Eddie "Doc" Daniels, a self-employed marine biologist, lives in a dockside warehouse and researches octopuses. Suzy DeSoto, works at the local bordello only out of necessity.
A collection of linked vignettes describes life on Cannery Row. It is depicted as an impoverished area inhabited by a motley band of people who have experienced failures, but somehow have found their niche among strangely kindred souls.
Doc and Suzy do not quite fit in, but are accepted. Mack and the boys gather frogs and sell them to give a surprise party for Doc, which turns into a brawl and breaks the tank housing Doc's octopus collection. To make amends, they decide to gift him with a microscope, but mistakenly purchase a telescope.
A deeper mystery revolves around why Doc stays in Cannery Row. Suzy discovers that Doc was once a professional baseball pitcher but quit.
Another character, Maxie Baker - known locally as "The Seer" - spends his days playing his trumpet on the beach. He depends on the gifts that mysteriously appear, such as groceries. Suzy eventually learns that the Seer is a former baseball player whom Doc injured with a pitch to the head; Doc has been looking after him. Doc and Suzy ultimately find love.
Raquel Welch was originally cast as Suzy but was fired after the first few days of production and replaced by actress Debra Winger, who was 15 years her junior. Welch sued the filmmakers for breach of contract.
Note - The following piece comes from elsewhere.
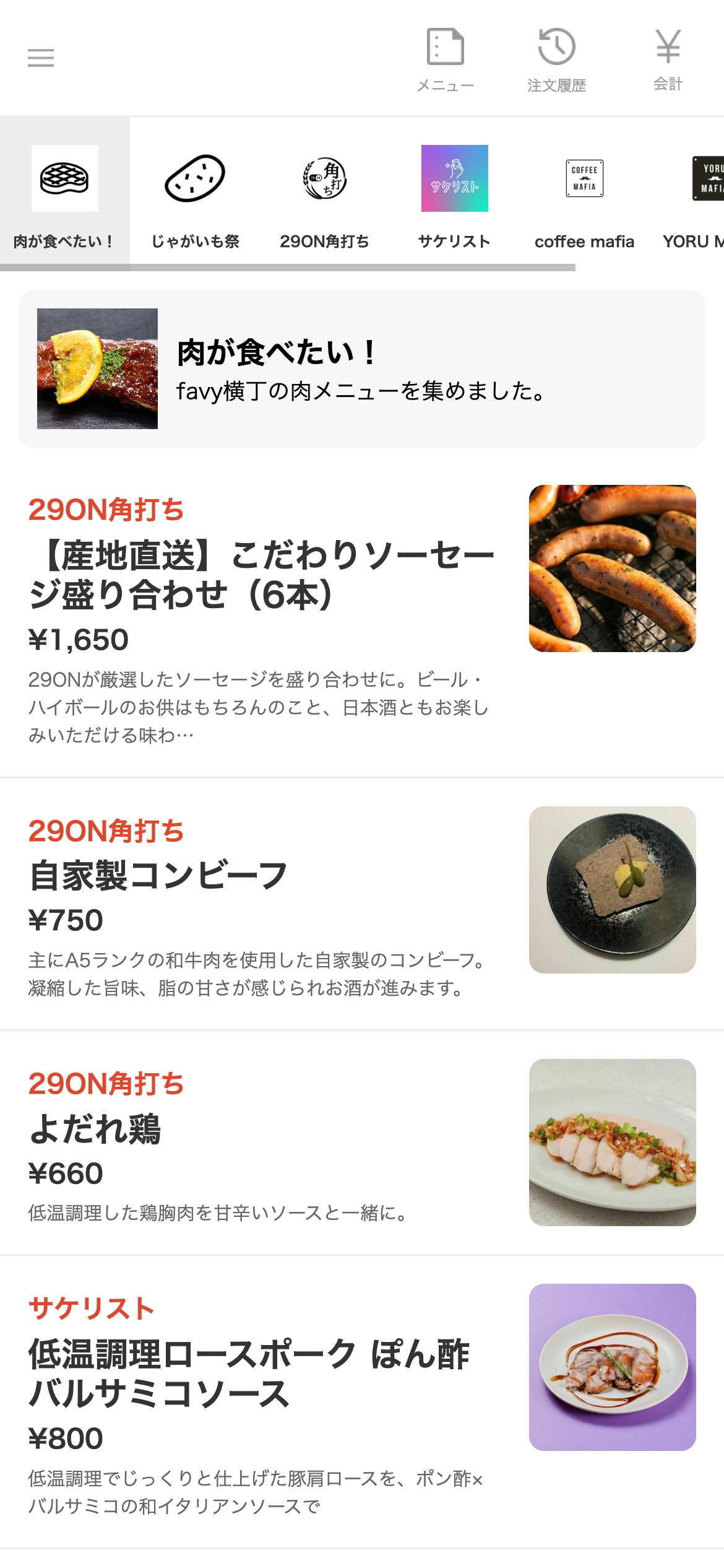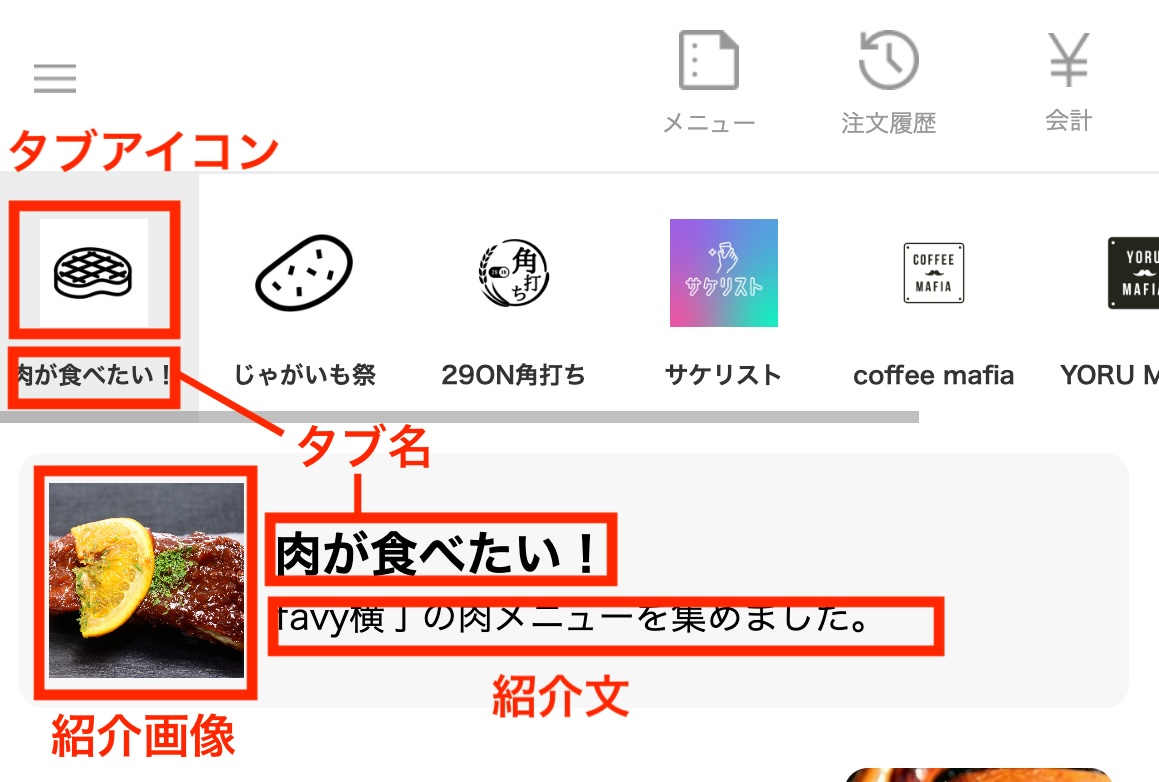 画像中「肉が食べたい!」「じゃがいも祭」が独自タブです。以降は店舗タブがランダムに表示されています。
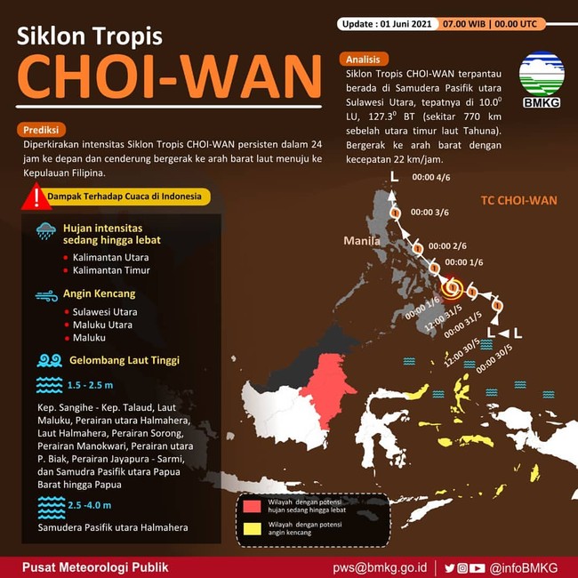 "Terdapat Siklon Tropis Choi Wan 998 hPa di Perairan timur Filipina yang berdampak pada ketinggian gelombang Perairan Utara Kepulauan Sangihe hingga Kepulauan Talaud, Perairan utara Halmahera hingga Papua," kata Ratih tertulis di Surabaya, Rabu (2/6/2021).

In the case, MGM claimed Welch was fired for being a "temperamental actress" whose behaviour caused the film to go overbudget. She insisted on doing her hair and make-up at home, and would refuse to co-operate with the director or producers unless she got her own way, thus breaching her $250,000 pay or play contract herself. Welch won the case, and was awarded a reported settlement of $10.8 million in court in 1986. The judgement was upheld at an appeal in 1990, but the whole affair tarnished Welch's reputation in Hollywood. After launching her lawsuit, Welch was never offered another starring role in a major motion picture again. [4] [5] [6] Second unit filming took place in San Diego, California. [7]
In his two-and-a-half star review, Chicago Sun-Times film critic Roger Ebert wrote of the film: "The movie is almost always good to look at, thanks to Richard MacDonald's sets (he linked together two giant sound stages) and Sven Nykvist's photography. And Nolte and Winger are almost able to make their relationship work, if only it didn't seem scripted out of old country songs and lonely hearts columns. It's tough to pull off a movie like this, in the semi-cynical 1980s (it would have been impossible in the truly cynical seventies). I guess we no longer believe in the essential heroism of the little guy, and in the proposition that anyone can succeed with a little luck." [8] Vincent Canby of The New York Times dubbed the film 'precious nonsense' and felt it was a poor adaptation of Steinbeck. [9] Variety praised Nolte and Winger's performance, but felt the material wasn't up to them. [10]
Cannery Row holds a 71% rating on Rotten Tomatoes film review aggregator based on 7 reviews by critics. [11]
MGM head of production David Begelman later said he should not have greenlit the film, saying it "was beyond the reach of the filmmaker to realise the wonderful, wonderful values he had in a brilliant script." [1]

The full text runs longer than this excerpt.